Chair and Department of Endocrinology, Jagiellonian University Medical College, Kraków, Poland.
Front Endocrinol (Lausanne). 2021 Nov 30;12:770266. doi: 10.3389/fendo.2021.770266. eCollection 2021.
Neuroendocrine neoplasms are a heterogeneous group of cancers that develop from enterochromaffin cells of the diffuse endocrine system, with an increase in incidents over the last years. Ovarian neuroendocrine tumors (NET) are rare neoplasms, comprising 0.1% of all ovarian neoplasms and less than 5% of all neuroendocrine tumors.
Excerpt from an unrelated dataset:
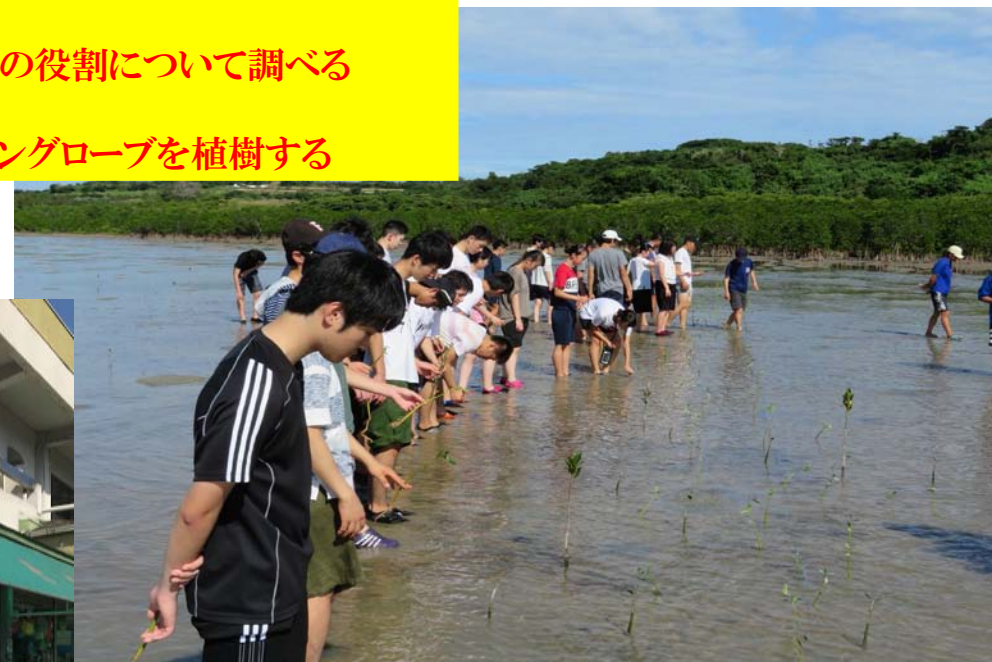
マングローブ植樹

They may arise alone (as monodermal, specialized teratoma - ovarian carcinoid) or as a part of other ovarian lesion: cystic mature or immature teratomas. Due to the rarity and limited amount of such cases reported in the literature, there is no consensus on diagnostic and therapeutic procedures in this group of patients.
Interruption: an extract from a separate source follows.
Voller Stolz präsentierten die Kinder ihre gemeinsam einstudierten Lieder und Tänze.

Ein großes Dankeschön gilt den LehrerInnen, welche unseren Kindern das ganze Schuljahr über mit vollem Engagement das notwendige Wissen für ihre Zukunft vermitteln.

The group of 10 patients at the age of 19 to 77 years (mean 42.8 ± 17.9), diagnosed with unilateral NET within ovarian teratoma were analyzed. The histopathological type of tumor, progression free survival after surgical treatment and presence of hormonally active syndrome were assessed.
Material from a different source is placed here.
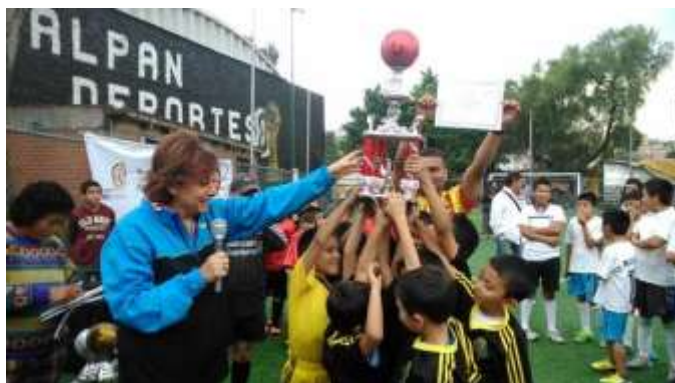
Liga de futbol infantil en Tlalpan

Con motivo del Día Internacional de las Mujeres, y en colaboración con la Lotería Nacional, se imprimió un Billete conmemorativo alusivo al 20 aniversario de la Convención de Beijín. El evento del Sorteo, celebrado en el Edificio principal de la Lotería Nacional se llevó a cabo el 8 de marzo y contó con la presencia de mujeres líderes de Tlalpan, como invitadas especiales.

70% (n=7) of patients was diagnosed with mature cystic teratomas containing NET component and 30% (n=3) with monodermal teratoma (strumal carcinoid). All cases of monodermal teratomas were found in women at premenopausal age. Determined Ki67 ranged from 2% to 9%. Ninety percent of lesions (n=9) stained positive for synaptophysin and chromogranin, while markers: CK20, CK7, TTF-1 and CDX2 were negative in all cases, which ruled out their metastatic nature. None of the patients presented with carcinoid syndrome. All followed-up patients remain progression-free, which confirms surgical intervention being a crucial and sufficient method of treatment.
The prognosis and clinical behavior of NETs associated with ovarian teratomas are good with long progression-free survival.
神经内分泌肿瘤是一组起源于弥散内分泌系统肠嗜铬细胞的异质性癌症,近年来发病率有所增加。卵巢神经内分泌肿瘤(NET)是罕见的肿瘤,占所有卵巢肿瘤的 0.1%,不到所有神经内分泌肿瘤的 5%。它们可以单独发生(作为单胚层、特化的畸胎瘤-卵巢类癌),也可以作为其他卵巢病变的一部分:囊性成熟或未成熟畸胎瘤。由于此类病例在文献中的报道数量有限且罕见,因此对于这组患者,目前尚无诊断和治疗程序的共识。
分析了年龄在 19 至 77 岁之间(平均 42.8 ± 17.9)的 10 例单侧 NET 患者。评估了肿瘤的组织病理学类型、手术后无进展生存期以及是否存在激素活性综合征。
70%(n=7)的患者被诊断为含有 NET 成分的成熟囊性畸胎瘤,30%(n=3)为单胚层畸胎瘤(Strumal carcinoid)。所有单胚层畸胎瘤均发生在绝经前妇女中。测定的 Ki67 范围为 2%至 9%。90%的病变(n=9)对突触素和嗜铬粒蛋白呈阳性染色,而所有病例的标志物:CK20、CK7、TTF-1 和 CDX2 均为阴性,排除了其转移性。没有患者出现类癌综合征。所有随访患者均无进展,这证实了手术干预是一种关键且充分的治疗方法。
与卵巢畸胎瘤相关的 NET 预后和临床行为良好,无进展生存期长。